My everyday pots may be larger than the ones you use now, in part, as I mentioned before, because I always want to have food to send home with others. But large quantity cooking is also essential to my principle of building many dishes from elemental components, like sauces and soup bases, that I freeze for future meals. I hope you will become a convert to the efficiencies, conveniences, and creative possibilities that this style of cooking affords. In which case, you’ll need the big saucepans and soup pots I use and specify in the recipes. A 12-quart stock pot, and 8- and 10-quart heavy saucepans or Dutch ovens, and cast-iron pan, make life much easier and more delicious.

It is also the case that my cooking techniques demand large surface or volume dimensions. This is true of almost every pasta dish I make, for which a 14-inch-diameter skillet is a must. I have two of them, and I use them for everything–meats, vegetables, sauces–so it’s not unusual for both of those great old pans to be on the stove at the same time. I recommend this pan in dozens of recipes in this book, so I hope you will get at least one. I also dependon my heavy-duty roasting pans, 17 by 20 inches or even bigger for my main course roasts. The breadth is necessary, not for massive meat or poultry pieces, but to cook and caramelize a big quantity of vegetables and seasonings and to make a sauce in the roasting pan too.
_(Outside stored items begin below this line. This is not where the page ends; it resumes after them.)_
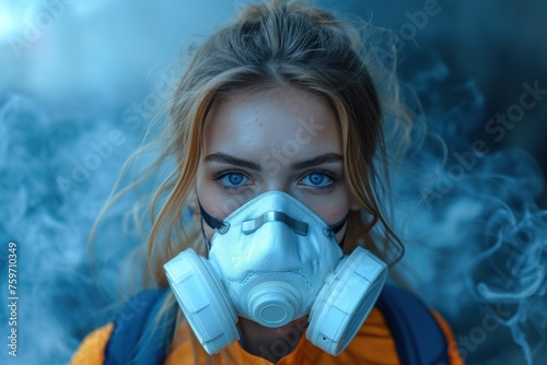 Young Woman Wearing Protective Mask Surrounded by Blue Smoke in a Controlled Environment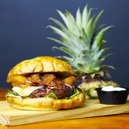 PÃO ARTESANAL ,HAMBURGUER 160G DEFUMADO NA CHURRASQUEIRA DE TONEL ABAFO ,MAIONESE DO CHEFF, GELEIA DE ABACAXI ,BACON ... Ver completo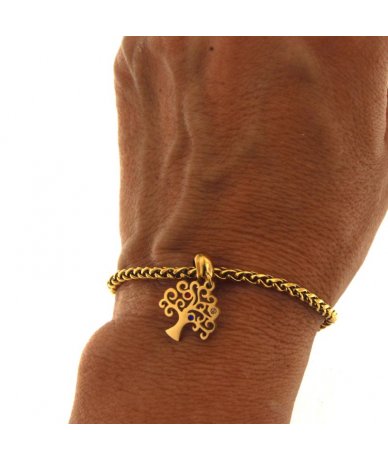 Bracciale in acciaio inox oro con pendente albero della vita con strass multicolore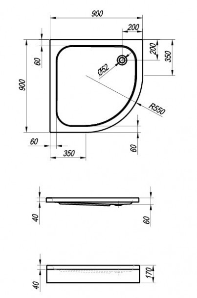 Termékadatok: - íves zuhanytálca- anyaga:akril- zuhanytálca mérete: 90x90x6 cm- R550- szlovén gyártmány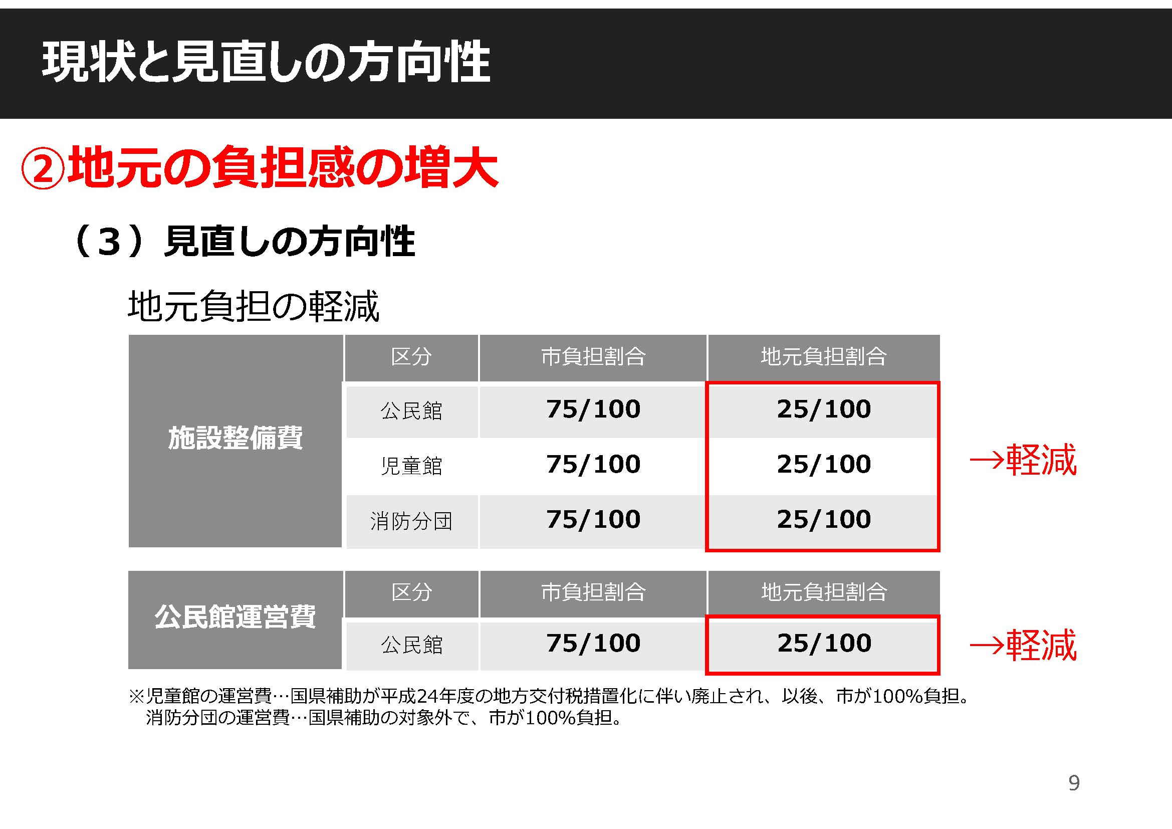 ②地元の負担感の増大 : 施設整備及び公民館運営における地元負担の軽減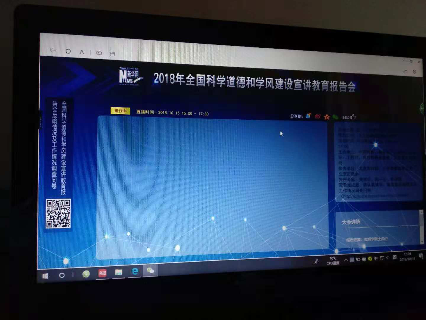 教育学专业黄好:今天下午通过网络视频,实时收看了2018年全国科学道德和学风建设宣讲教育报告会直播。互联网技术让我们仿佛亲临人民大会堂会议现场,更加感受到会议的庄重。作为在校研究生,我们励志潜心学习和科研,为科教兴国贡献力量。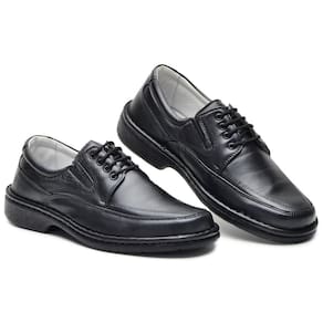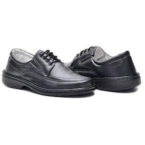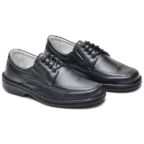 Sapato Social Masculino Couro Confortável Cadarço Blaqueado - 43 - Preto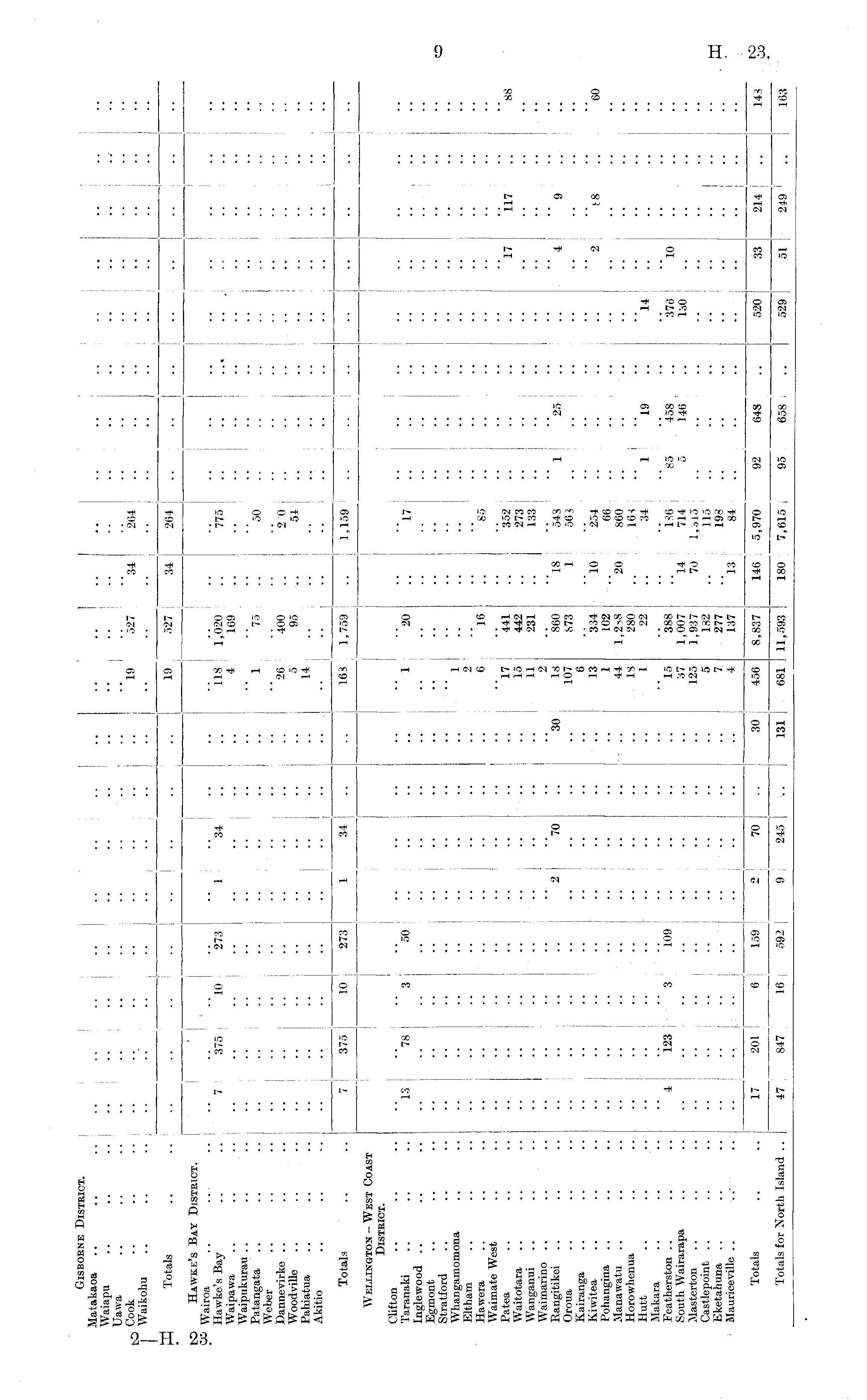 Gisborne District. Matakaoa Waiapu Uawa .. .. Cook Waikohu I I 19 527 "34 264 j • • Totals lit 527 34 264 „ . - _ 7 375 10 273 1 34 ' Hawke's Bay District. Wairoa Hawke's Bay Waipawa Waipukurau Patangata Weber Dannevirke .. .. Woodville .. .. Pahiatua Akitio 7 375 5 10 0 27a 3 1 1 34 i I 118 4 "A 1,020 169 75 775 50 . . • " i "26 5 14 i 400 95 2'0 j 54 j I [ I I I Totals .. ..| 7 7 37; 375 5 K 10 o 27; 273 3 1 34 34 163 1,759 1,159 Wellington - West Coast District. — 1 "20 Clifton Taranaki Inglewood Egmont Stratford Whangamomona Eltham Hawera Waimate West Patea Waitotara Wanganui Waimarino Rangitikei Oroua Kairanga Kiwitea Pohangina Manawatu Horowhenua Hutt Makara Featherston South Wairarapa Masterton Castlepoint Eketahuna Mauriceville .. ..- 13 4 "l3 7? 12; 78 8 :3 3 3 3 io, 1 "50 SO )9 " 2 2 70 70 "30 •• 1 2 6 17 15 11 2 18 107 6 13 1 44 IS 1 16 441 442 231 860 873 334 102 1,2 5 8 280 22 "l8 1 17 85 '352 273 133 543 563 1 " "25 17 4 117 9 88 ' 4 123 3 109 15 37 125 5 7 4 388 1,007 1,937 182 277 137 10 "20 14 70 13 254 66 860 163 34 'ise 714 1,315 115 193 84 1 j 85 19 458 146 14 376 130 2 10 "tS I I "oo " " " •- •• - Totals 17 17 201 201 :1 (i 6 15. 159 .9 o •i 70 70 30 456 8,837 146 5,970 92 648 520 i 33 214 j 143 " Totals for North Island .. 47 847 7 It 6 59h 592 | 12 I 9 245 | -- 131 i 11,593 ! 47 847 16 9 245 681 180 7,615 I 95 658 1 529 51 249 '' 163

I am not hooked on gadgets, though I have drawers full of them, often given to me as gifts. As you can glean from the recipes, which specify the cooking tools I use, there are a few things I must have nearby when I’m cooking. For pasta, I always use an Asian-made spider–the stir-fry tool with a wire basket on a long handle–to lift noodles from the cooking pot. I keep spiders in several sizes to use as tossers and stirrers. Metal tongs are also in my hands whenever I’m at the stove; several sizes are useful. Sieves and hand strainers, as well as larger draining baskets and colanders, are also essential implements, as are wooden spoons for mixing. There’s nothing fancy about these things but they are the best extensions of my hands I have used–and hands and fingers are my favorite kitchen tools and the most important of all.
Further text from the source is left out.